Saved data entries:
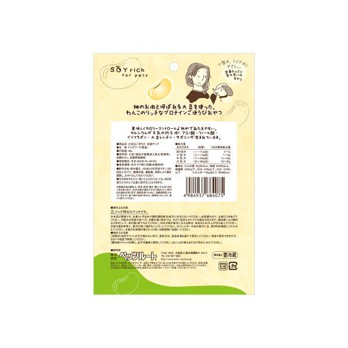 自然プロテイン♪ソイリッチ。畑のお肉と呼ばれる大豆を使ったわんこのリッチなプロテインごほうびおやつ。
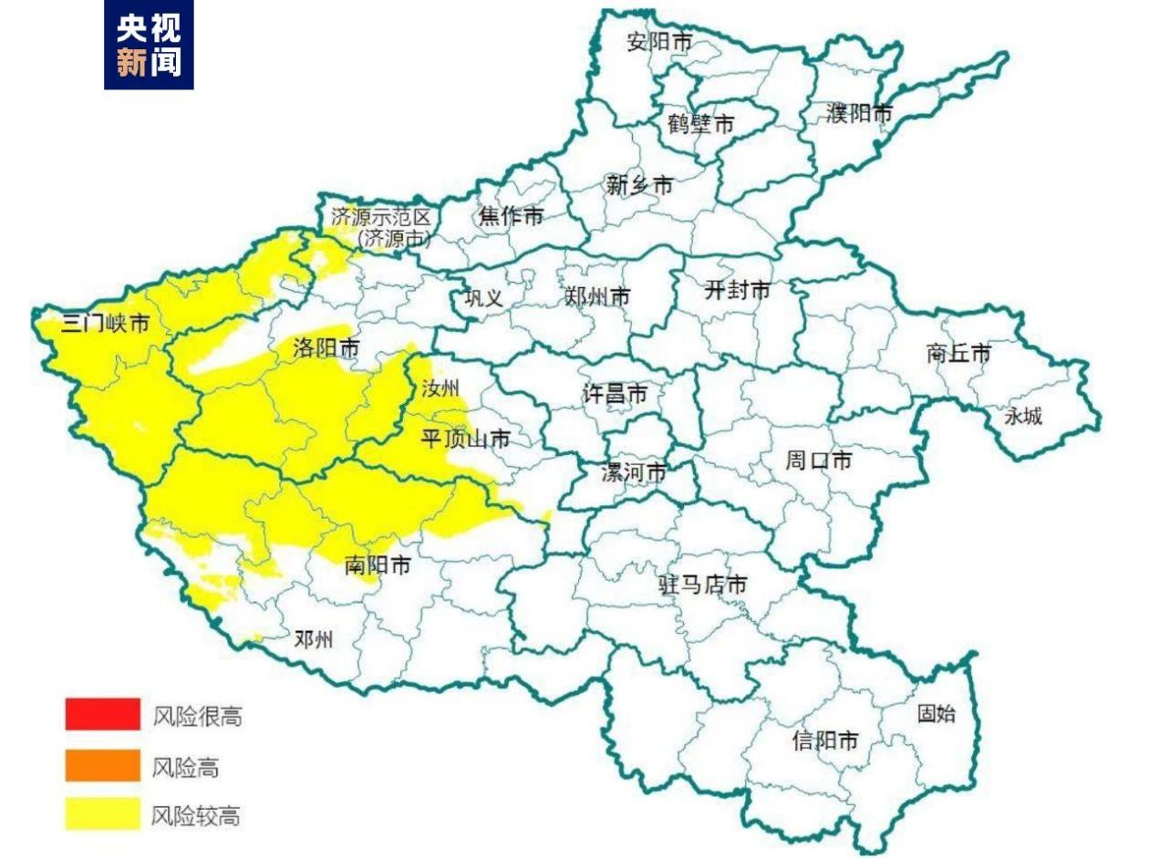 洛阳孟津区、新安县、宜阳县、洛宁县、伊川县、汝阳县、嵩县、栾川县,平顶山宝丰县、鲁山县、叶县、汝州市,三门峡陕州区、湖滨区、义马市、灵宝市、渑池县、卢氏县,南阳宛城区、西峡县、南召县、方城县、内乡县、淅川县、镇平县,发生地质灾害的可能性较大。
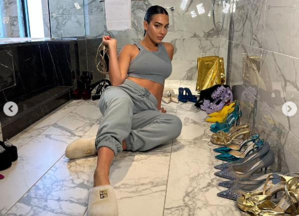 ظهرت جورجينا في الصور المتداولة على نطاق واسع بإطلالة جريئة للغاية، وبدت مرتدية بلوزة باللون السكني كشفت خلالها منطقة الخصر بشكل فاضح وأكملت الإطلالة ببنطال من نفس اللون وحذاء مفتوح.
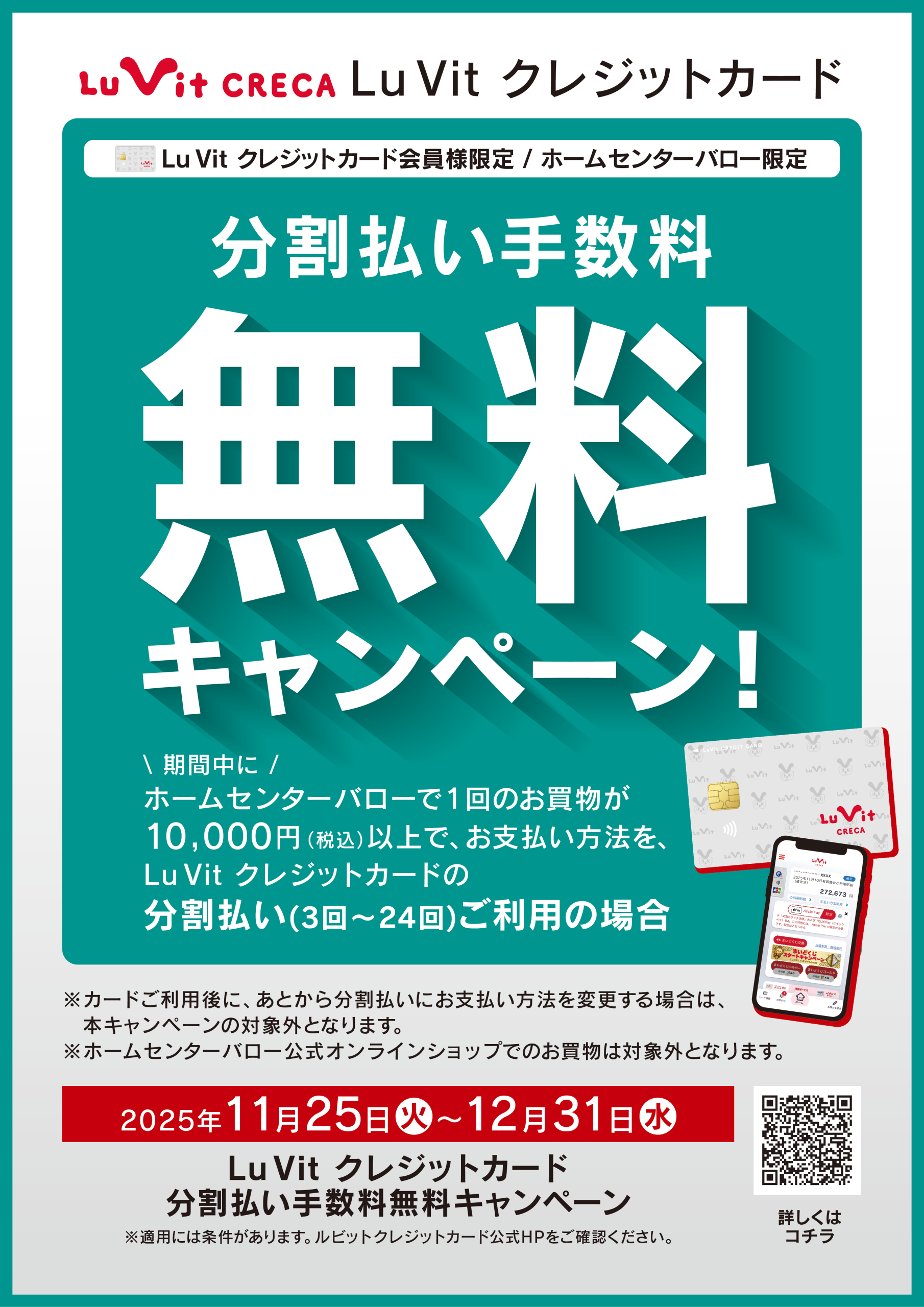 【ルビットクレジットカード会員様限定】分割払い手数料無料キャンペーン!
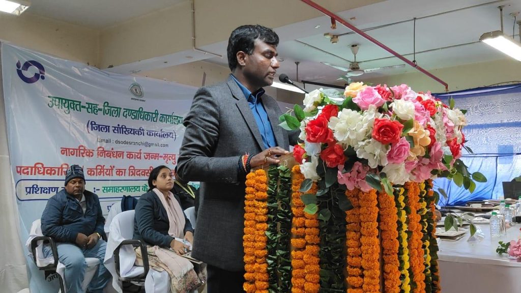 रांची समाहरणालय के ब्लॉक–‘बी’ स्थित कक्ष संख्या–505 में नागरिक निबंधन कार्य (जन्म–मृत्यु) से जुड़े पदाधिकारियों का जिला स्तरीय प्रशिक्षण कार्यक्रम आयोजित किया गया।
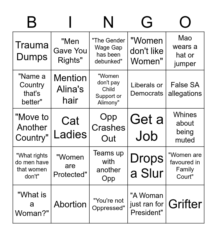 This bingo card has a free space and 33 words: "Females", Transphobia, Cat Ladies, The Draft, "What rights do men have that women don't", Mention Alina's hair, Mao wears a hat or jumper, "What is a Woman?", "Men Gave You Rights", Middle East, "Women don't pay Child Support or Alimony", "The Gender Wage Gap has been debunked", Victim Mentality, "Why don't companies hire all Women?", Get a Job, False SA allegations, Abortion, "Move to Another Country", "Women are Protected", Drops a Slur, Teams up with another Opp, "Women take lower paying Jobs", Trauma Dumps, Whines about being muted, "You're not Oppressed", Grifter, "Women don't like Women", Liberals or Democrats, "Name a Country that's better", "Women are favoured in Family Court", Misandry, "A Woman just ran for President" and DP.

- [Task to carry out]
Transcribe every entry exactly. Leave out the pictures.

- [Reply to the task]
 自然プロテイン♪ソイリッチ。畑のお肉と呼ばれる大豆を使ったわんこのリッチなプロテインごほうびおやつ。
 洛阳孟津区、新安县、宜阳县、洛宁县、伊川县、汝阳县、嵩县、栾川县,平顶山宝丰县、鲁山县、叶县、汝州市,三门峡陕州区、湖滨区、义马市、灵宝市、渑池县、卢氏县,南阳宛城区、西峡县、南召县、方城县、内乡县、淅川县、镇平县,发生地质灾害的可能性较大。
 ظهرت جورجينا في الصور المتداولة على نطاق واسع بإطلالة جريئة للغاية، وبدت مرتدية بلوزة باللون السكني كشفت خلالها منطقة الخصر بشكل فاضح وأكملت الإطلالة ببنطال من نفس اللون وحذاء مفتوح.
 【ルビットクレジットカード会員様限定】分割払い手数料無料キャンペーン!
 रांची समाहरणालय के ब्लॉक–‘बी’ स्थित कक्ष संख्या–505 में नागरिक निबंधन कार्य (जन्म–मृत्यु) से जुड़े पदाधिकारियों का जिला स्तरीय प्रशिक्षण कार्यक्रम आयोजित किया गया।
 This bingo card has a free space and 33 words: "Females", Transphobia, Cat Ladies, The Draft, "What rights do men have that women don't", Mention Alina's hair, Mao wears a hat or jumper, "What is a Woman?", "Men Gave You Rights", Middle East, "Women don't pay Child Support or Alimony", "The Gender Wage Gap has been debunked", Victim Mentality, "Why don't companies hire all Women?", Get a Job, False SA allegations, Abortion, "Move to Another Country", "Women are Protected", Drops a Slur, Teams up with another Opp, "Women take lower paying Jobs", Trauma Dumps, Whines about being muted, "You're not Oppressed", Grifter, "Women don't like Women", Liberals or Democrats, "Name a Country that's better", "Women are favoured in Family Court", Misandry, "A Woman just ran for President" and DP.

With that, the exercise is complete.